2. Prepare the Surface
Preparing the surface is one of the crucial tasks to consider. Any reaction during the welding process with pain or coatings can exhaust dangerous fumes. Therefore, remove any coatings or paints from the welding surface before starting the process. It is advisable to avoid chlorinated solvents for cleaning the welding field.
3. Power Settings
The best way to avoid or decrease the risk is by taking down the amount of fume exhaustion. Therefore, welders should control the power setting to avoid increased amounts of fumes.
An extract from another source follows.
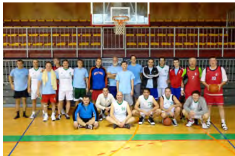
Slika 1: Skupinska fotografija

4. Choosing Welding Method
Flexibility can be a life-saving factor here. While different welding types require a different process, it is wise to practice something that emits comparatively few fumes or ultraviolet radiations.
5. Use PPE
All welders should wear proper PPE before starting the process. As a welder, you must wear air purifying respiratory protection. It filters the air particles that you would otherwise breathe in. You should also wear a welding helmet with a UV-filtered lens. It would protect your eyes from radiation. Be sure you wear long-sleeved shirts and trousers that would safeguard your whole skin to avoid adverse exposures to UV rays.
6. Protection of Others
Welding fumes and radiations are different. While radiations may not get out of a room, fumes can. They mix and spread with air. So, factories should consider having an isolated welding room, separate from other departments of the factory. Nowadays, many companies are using automated welding machines to avoid hazardous results among welders.
7. Job Rotation
Cancer is a result of prolonged exposure to UV radiation and fumes. So, the most basic and easiest way to prevent this is by rotating the welders’ jobs. As a welder, be sure to share your job with others instead of continuing it for a prolonged period. It would decrease the risks since no one has to stay with the welding fumes for a long time.
Welding can mean many things to you. It can also be your passion. But that must not lead you to the end of your life. The best way to enjoy your job is by ensuring your protection first. Welding possesses a greater risk of cancer for those who are exposed to the fumes and radiations. But it is avoidable if you follow the preventive methods. Now that you know both the risks and the escape, we hope you will act smarter and ensure your protection.